Bomb Disposal (need answer fast!! j/k)

I’m wondering about the reality of a couple common tropes in TV/movies.

1 - How accurate is it to have a bomb where cutting one wire defuses the bomb but cutting any other wire (or at least the wrong wire) will blow it up?

2 - How accurate is it to have a bomb where cutting a wire causes the timer to speed up?

3 - How accurate is it to have a bomb where cutting a wire stop the timer?

Thanks in advance and umm… no pressure but I could kind of use an answer in the next 5 minutes and 3 sec … 2… 1… umm… yeah soon. (again just kidding)

1 - How accurate is it to have a bomb where cutting one wire defuses the bomb but cutting any other wire (or at least the wrong wire) will blow it up?

Most bombs are very simple and don’t include booby traps like that.

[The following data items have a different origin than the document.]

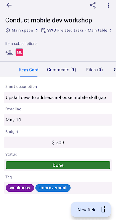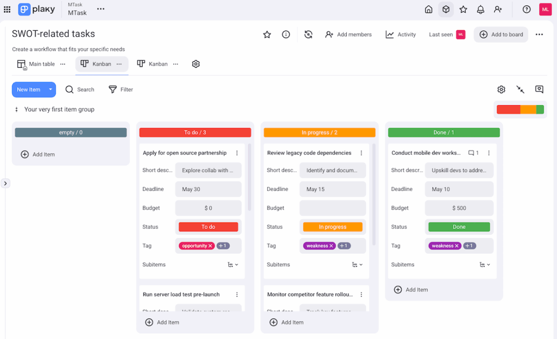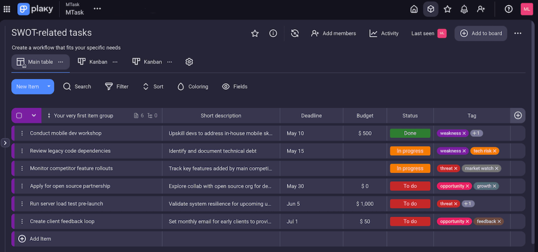 To begin with, the spaces-boards-items hierarchy in Plaky keeps things clean and navigable. For example, you can create a board with SWOT-related tasks (items) within your team’s workspace and arrange them however you like.
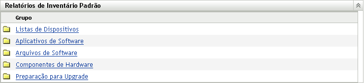 O ZENworks Control Center inclui vários relatórios predefinidos que você pode usar para analisar o inventário em sua zona de gerenciamento. Esses relatórios são agrupados em pastas de acordo com sua função. Estas são as pastas e relatórios disponíveis:
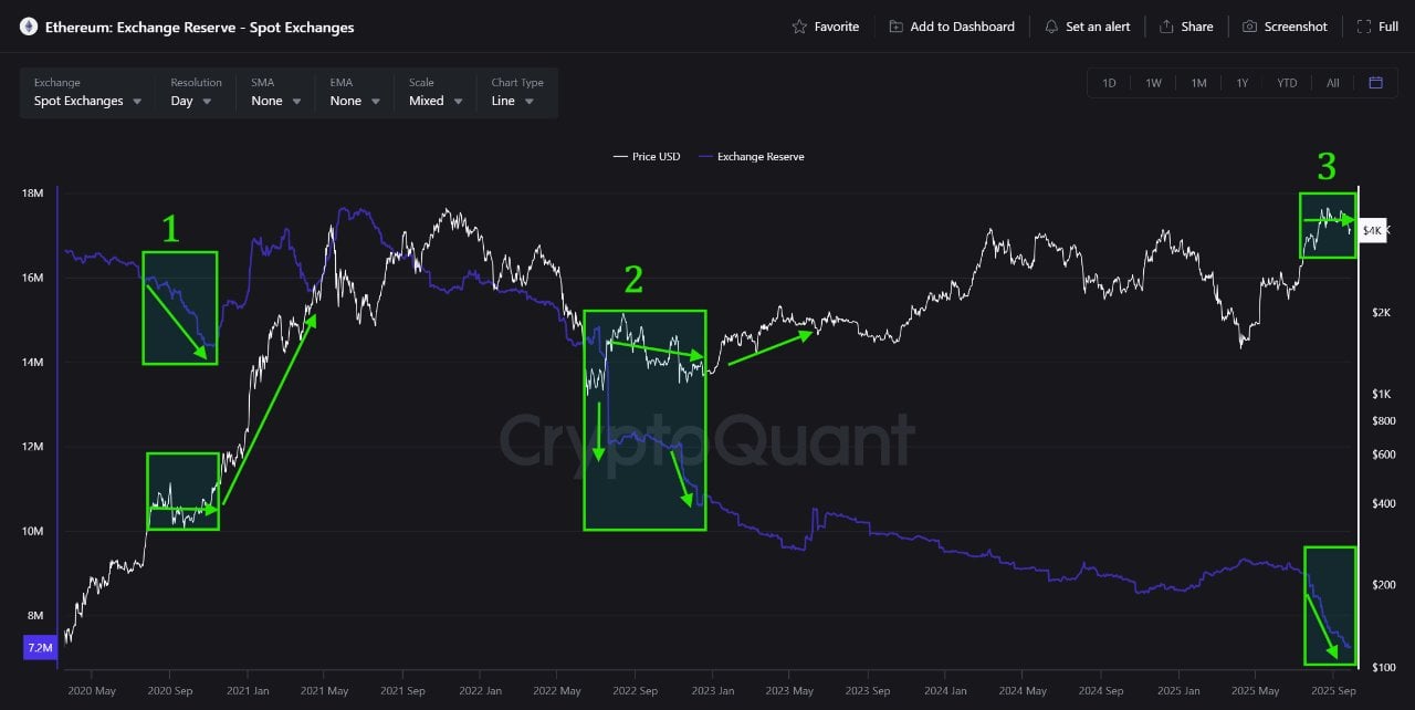 Fresh data from CryptoQuant highlights a third historic phase of exchange outflows for Ethereum. In previous cycles, similar supply drains have directly preceded dramatic rallies.
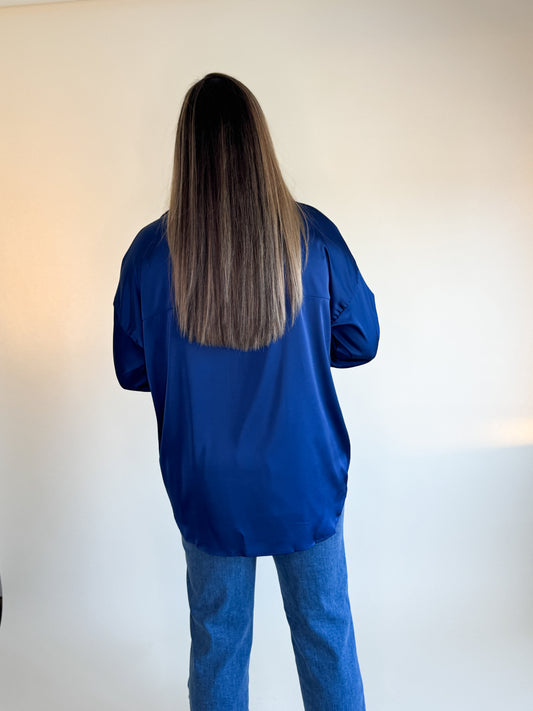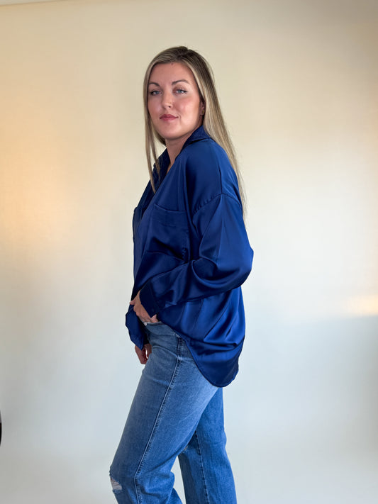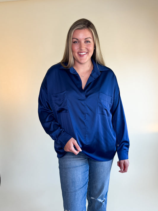 Experience ultimate comfort and effortless style with our Dani Satin Blouse. Featuring a luxurious tab collar and convenient pockets, it offers an oversized slouchy fit for a chic and relaxed look. Elevate your wardrobe with this versatile and elegant blouse. Haileigh wears a Medium and is 5'8", size 10/12 dress, and size 29/30 pants
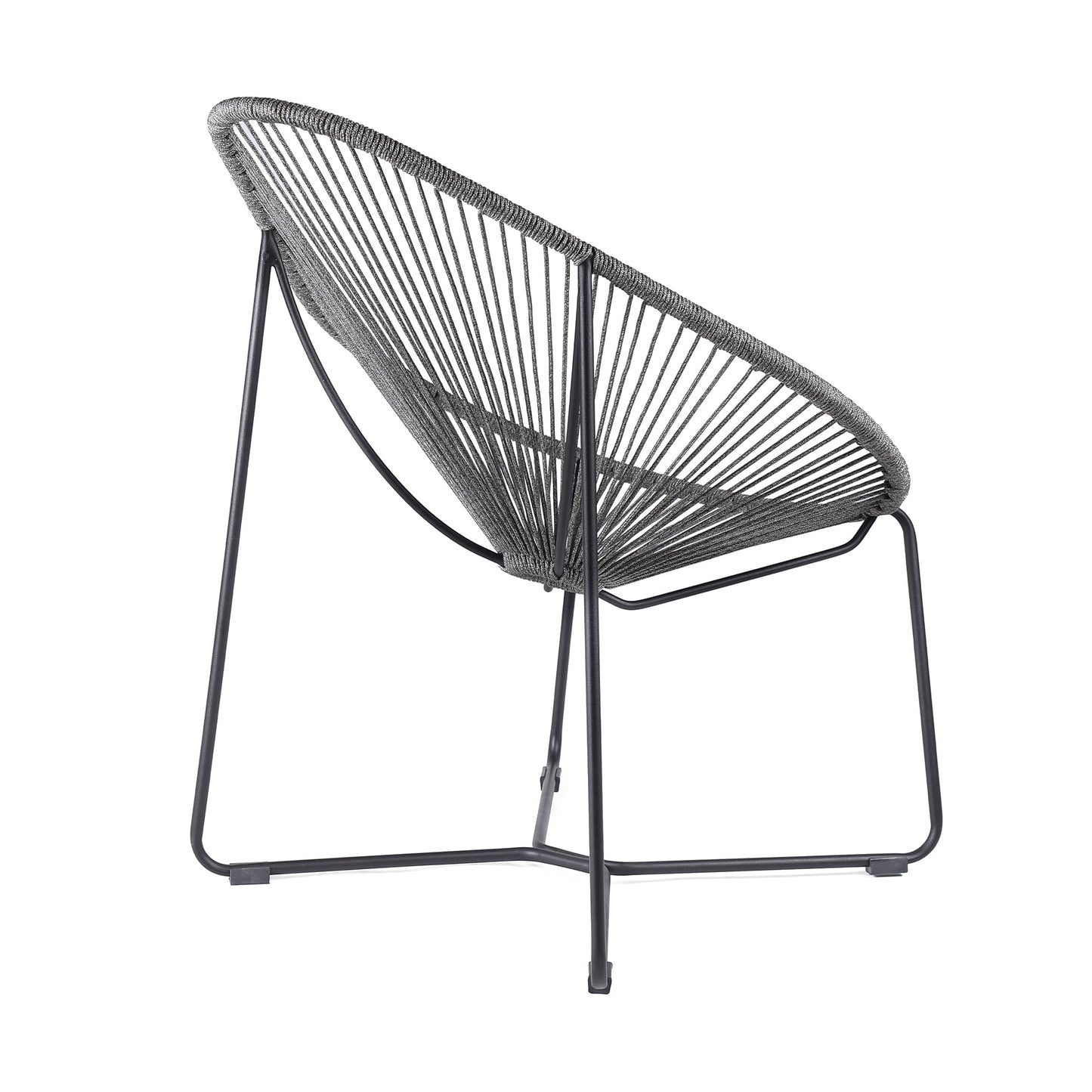 The Acapulco Indoor Outdoor Steel Papasan Lounge Chair with Gray Rope from Armen Living will bring an exciting, fun, and enjoyable look into your outdoor living area. Featuring an elaborate woven design and rounded metal frame, this chair will blend seamlessly into your outdoor decor. Its pear-shaped seat is wrapped in resilient regatta rope cording, providing supple support while still allowing for element passthrough - also enhancing your seating experience with a softness that rivals most fabrics. The Acapulco chair covers your body perfectly and will keep you relaxed and let you unwind during your favorite season.
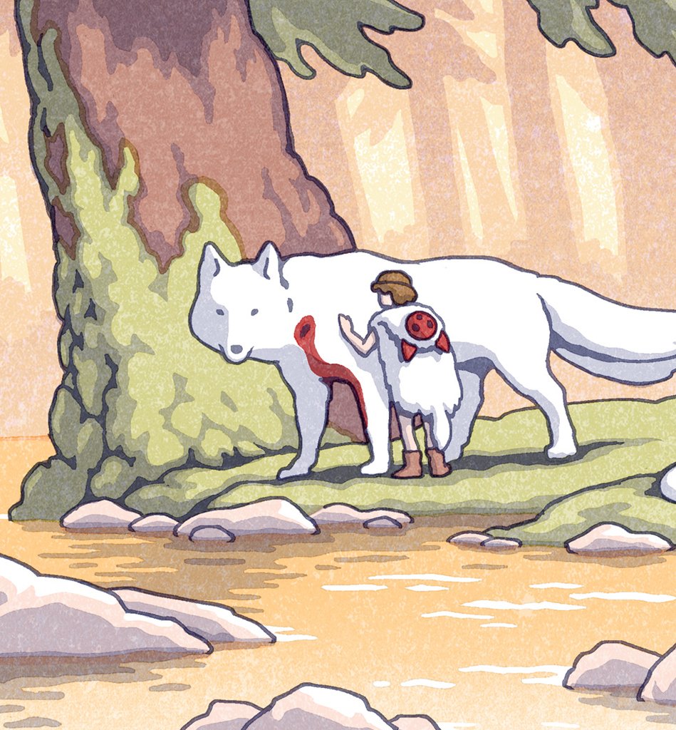 'I love the background paintings in this film - I could stare at them for days! And even though it's not a perfect fit, I wanted to approach this magical world with my own traditional block print aesthetic. To capture as much detail as possible, I decided to work in the modern Shin-hanga style, which is known for its realism and complex color schemes. I think the final design came out pretty well!

There have been some exceptions over the years, but they are rare. In WWII for example, the Germans started adding booby traps to some of their bombs so that if the bomb didn’t explode for some reason, attempting to diffuse it would set it off and kill anyone in the vicinity. This led to a bit of an arms race of sorts between the German bomb engineers and the British UXB (unexploded bomb) units. In this case the German engineers were specifically making the bombs difficult to diffuse just to add to the terror factor of the weapons.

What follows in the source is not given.